The biaxially stretched polyamide film of the present invention is obtained by using polyamide 6 as the main component, blending polyamide 6 obtained by chemical regeneration of waste polyamide products, and adopting specific film forming conditions. A biaxially stretched polyamide film with excellent puncture strength, impact resistance, bending pinhole resistance, and friction pinhole resistance, and can reduce environmental load. Furthermore, by blending the mechanically regenerated polyamide 6 into the raw material, a biaxially stretched polyamide film that can further reduce the environmental load can be obtained.

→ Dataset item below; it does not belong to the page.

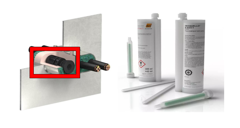 GEAQUELLO?E234用于GEAQUELLO?E 950密封系統(tǒng)中電纜和管道穿透的改造模塊,新船制造時,放置于密封系統(tǒng)中,作為今后線纜改造的預留位置,新增電纜時,用鉆頭將模塊中間鉆通,電纜穿過,再用GEAQUELLO E234T密封劑 將電纜周圍的環(huán)形間隙密封。

Hereinafter, the biaxially stretched polyamide film of the present invention will be described in detail. The biaxially stretched polyamide film of the present invention is composed of a polyamide resin composition containing more than 70% by mass of polyamide 6, and 4% to 90% by mass of the aforementioned polyamide 6 is chemically regenerated The obtained biaxially stretched polyamide film of polyamide 6 (layer A); and at least the single area layer as the base layer of the aforementioned A layer is composed of polyamide 6 containing 70% by mass or more of polyamide 6 The biaxially stretched polyamide film of the surface layer (layer B) formed by the resin composition.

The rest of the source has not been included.